◆ EXERCISE OBJECTIVE ◆
Find "ESA astronauts practice" below and begin at its line; stop after the line with "Hi guys, ROOM". Output those lines exactly, without pictures.

◆ SOURCE RECORDS ◆
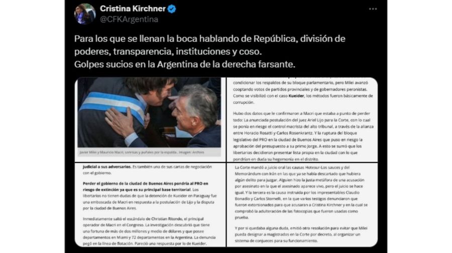 «Para los que se llenan la boca hablando de República, división de poderes, transparencia, instituciones y coso. Golpes sucios en la Argentina de la derecha farsante», posteó este sábado Fernández de Kirchner en su cuenta de X.
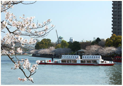 アクアライナーという遊覧瀬がここOAP港、天満橋、淀屋橋、大阪城公園をまわっています。一周40分、1時間間隔で運転
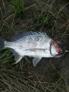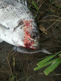 まずは かけあがりを カッティングベイトで 探りますが 反応がなく 次に ボトムゴビィで ボトムを擦りながら 探りますが 反応がなく 今度は 集魚力のある 匠魚に 変え ボトムを叩いたり 巻きを入れたりを 繰り返し フォールからの巻き始めで 引ったくる当たり!合わせをいれ ロッド立てて 水深のあるところで 浮かします。
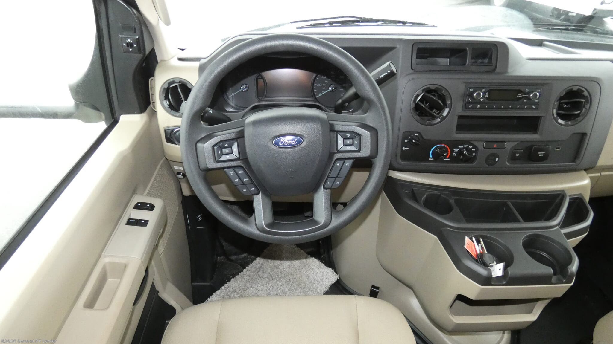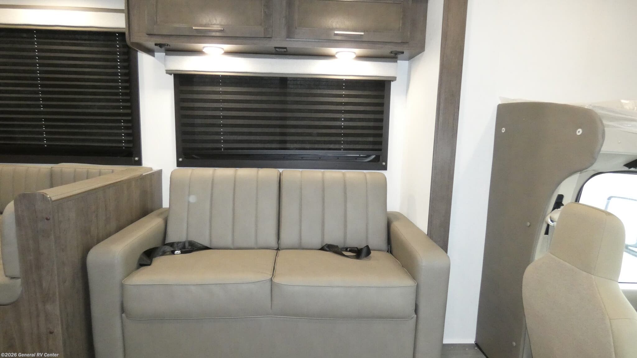 When you step into the Entegra Coach Odyssey, you're choosing more than a Class C motorhome—you're stepping into a refined RV experience built with premium touches, thoughtful safety, and signature Entegra Coach craftsmanship. The Odyssey sets itself apart from the others with sleek, frameless windows that offer a modern, automotive look while extending the life of your seals by shielding them from sun damage—helping you stay on the road longer and in the shop less. Confidence comes standard thanks to integrated side-view cameras that provide full visibility down both sides of the coach while turning or changing lanes. The E-Z Drive ride and handling package elevates your driving experience with features such as a computer-balanced driveshaft, front and rear stabilizer bars, Hellwig® helper springs and rubber isolation body mounts—delivering a quiet, stable ride from start to finish. Up front, the one-piece seamless front cap—a unique feature in its class—reduces the risk of water intrusion where Class Cs are most vulnerable. An automotive-bonded panoramic window in the cap brightens the overhead bunk with natural light and expansive views, making every stop even more scenic. Comfort is key on the Odyssey, and temperature control is a breeze with a standard 15,000 BTU ducted A/C, or an available upgrade to dual 13,500 BTU units paired with an advanced power management system. No matter the forecast, your interior stays comfortable and cool. Inside, you'll find the kind of quality Entegra Coach is known for—hardwood cabinet doors and drawers, clean finishes with reduced visible stiles, and a full-size residential microwave that brings home convenience on the road. The exclusive legless dinette table transitions seamlessly from mealtime to bedtime and is equipped with child safety tethers for peace of mind on family trips. The 9-inch Sony® infotainment system with Apple CarPlay®, Android Auto™ and tilt adjustment keeps your navigation, music, and communication within easy reach, helping you stay focused behind the wheel. With its elevated styling, intelligent design, and rock-solid engineering, the Odyssey delivers the first-class Class C experience Entegra Coach owners expect—ready for adventure and built to last.
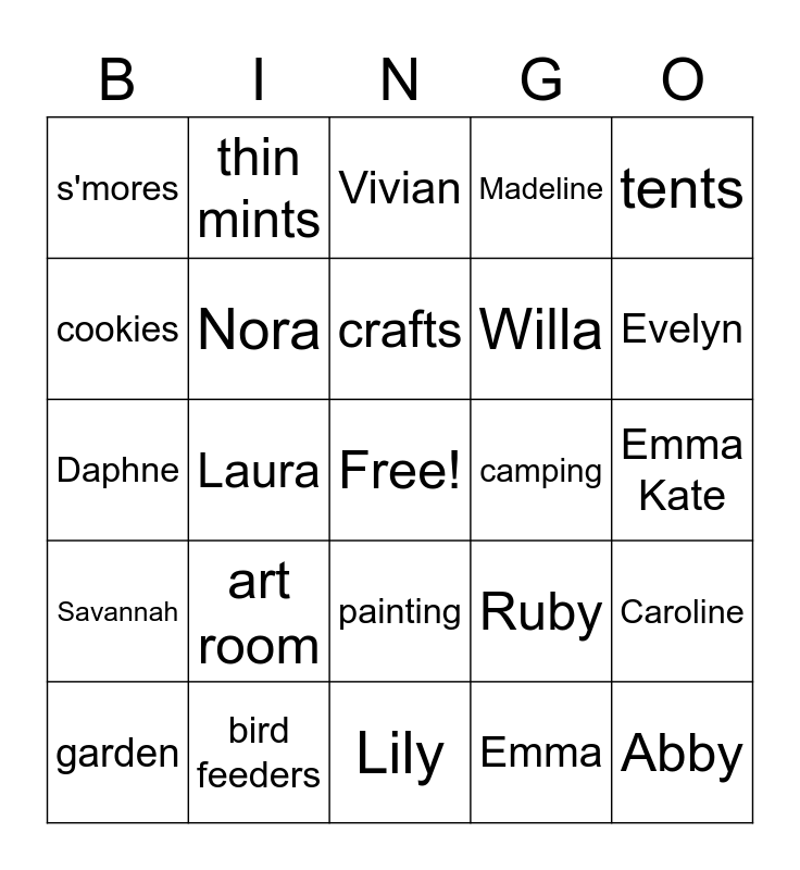 This bingo card has a free space and 24 words: art room, bird feeders, crafts, garden, tents, s'mores, cookies, thin mints, camping, painting, Willa, Daphne, Ruby, Caroline, Nora, Emma, Emma Kate, Vivian, Evelyn, Laura, Abby, Savannah, Madeline and Lily.
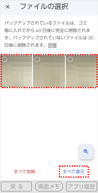 ※すべて復元する場合は、写真や動画を選択せずに[すべて復元]をタップし、手順7に進みます。
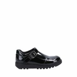 Classic Girls Back to School shoe from Hush Puppies – Kerry has the iconic Fit Left Fit Right fitting system, premium leather uppers in a T-Bar buckle style with a padded collar for extra comfort and Micro-Fresh lining. Smart patent leather upper. Fit Left Fit Right – unique fitting system allows for five different width fittings for each individual foot. Every pair of shoes comes with three pairs of footbeds. Micro-Fresh lining keeps feet dry and fresh. Buckle fastening. T-Bar style. Chunky sole.
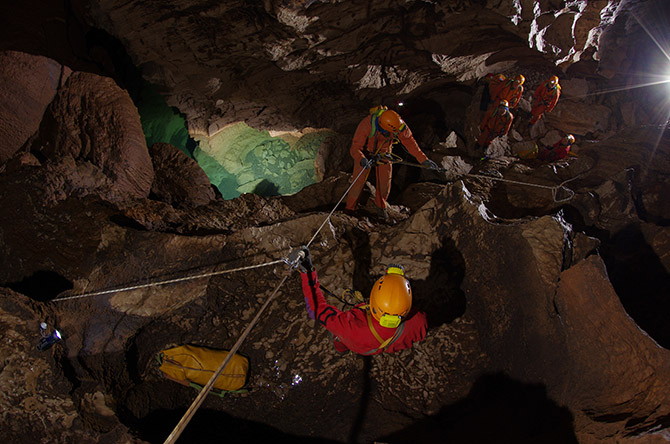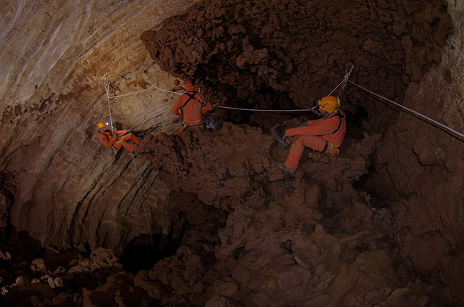 ESA astronauts practice "cavewalking"; image courtesy ESA-V. Corbu.
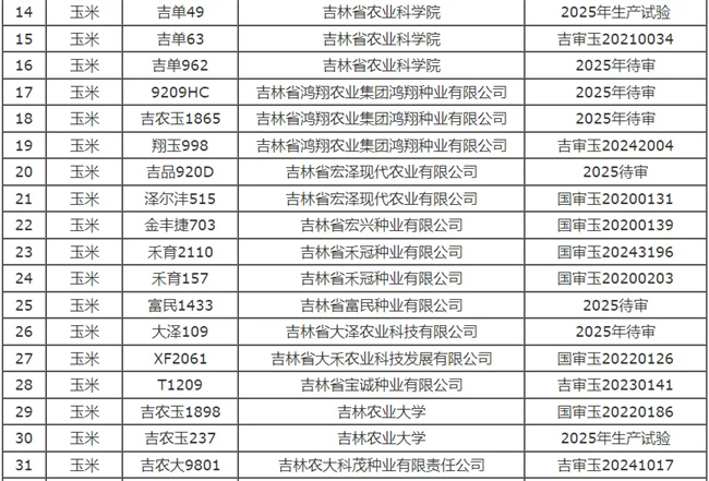吉林發布2025年農作物品種高產競賽初審通過品種
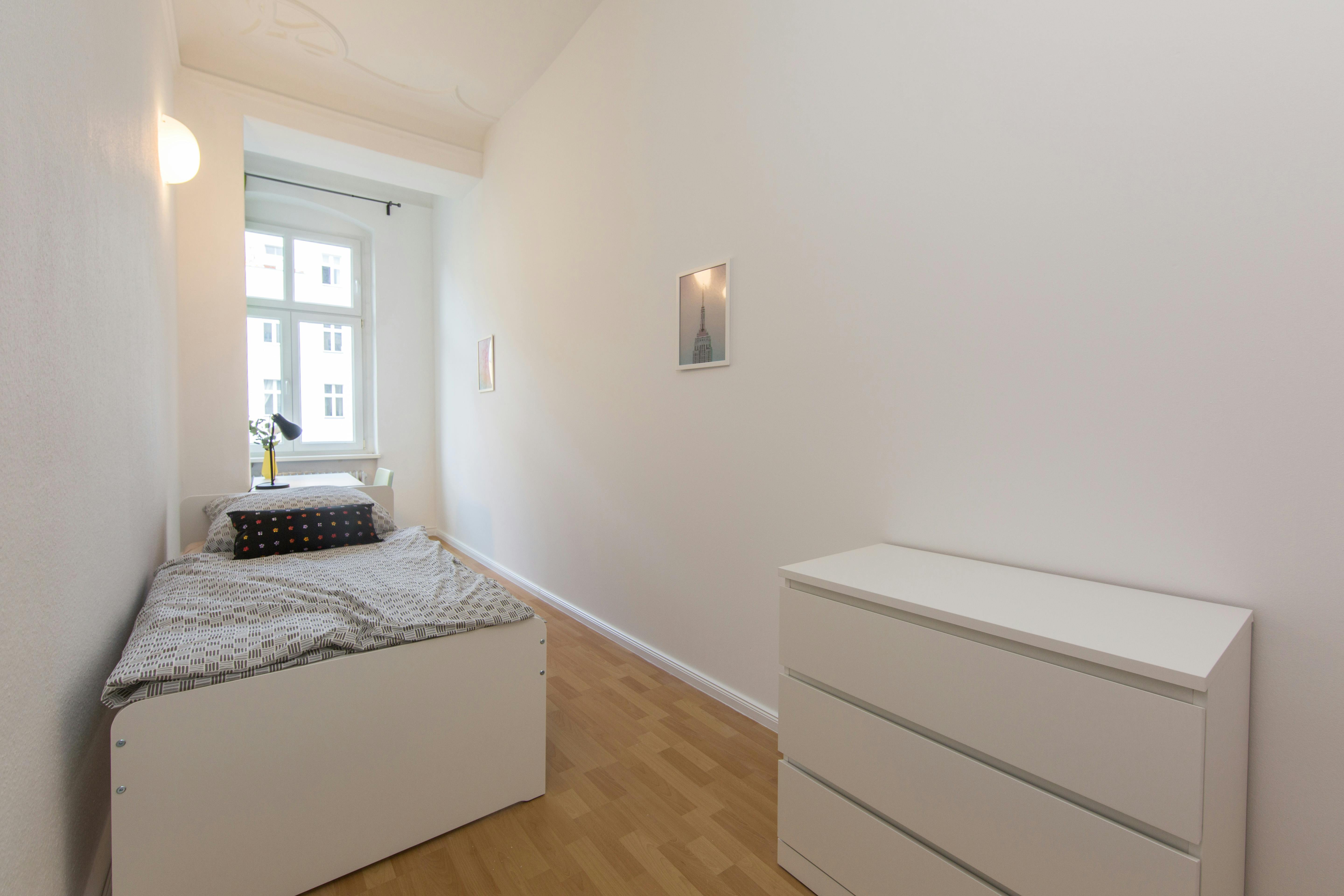 Hi guys, ROOM 6 this is a fully furnished room. The room has a comfortable bed, a desk with chair and a wardrobe for your clothes. Also the common areas are fully equipped with washing machine, cooking equipment and all you need for your daily living. Anmeldung/ Registration is possible. The monthly rent price is all inclusive (rent + heating + water + Internet + GEZ/german TV license fee). For the move in dates we have only the 1st or the 16th of each month a tenant can move in. In specific cases we have a flexible move in date, but this needs to discuss...
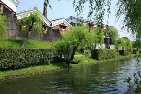 Okayama, Japan - April 15, 2019 : Kurashiki Bikan Historical Quarter, canal and traditional house
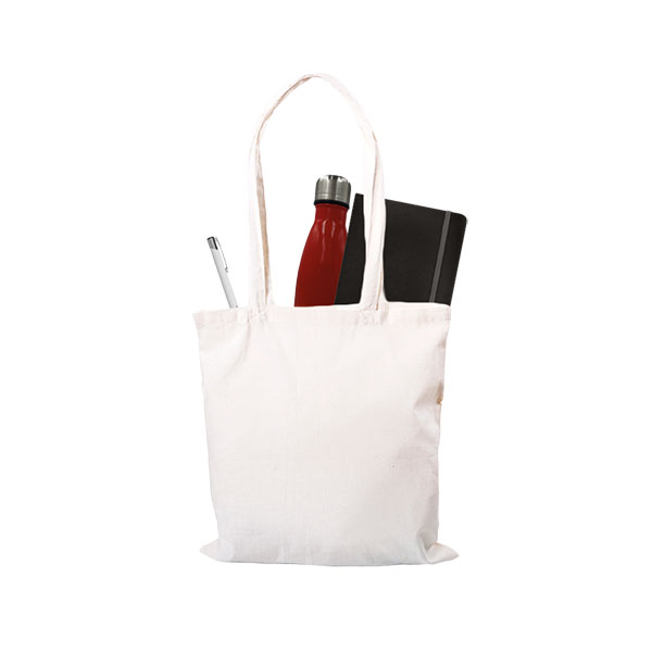 Bag 400 x 360mm (5 oz cotton shopper); bottle 265 x 70mm (500ml double-walled stainless steel); notebook 210 x 145mm (100 cream lined sheets); ballpen 139mm long.

◆ TASK RESPONSE ◆
 ESA astronauts practice "cavewalking"; image courtesy ESA-V. Corbu.
吉林發布2025年農作物品種高產競賽初審通過品種
 Hi guys, ROOM 6 this is a fully furnished room. The room has a comfortable bed, a desk with chair and a wardrobe for your clothes. Also the common areas are fully equipped with washing machine, cooking equipment and all you need for your daily living. Anmeldung/ Registration is possible. The monthly rent price is all inclusive (rent + heating + water + Internet + GEZ/german TV license fee). For the move in dates we have only the 1st or the 16th of each month a tenant can move in. In specific cases we have a flexible move in date, but this needs to discuss...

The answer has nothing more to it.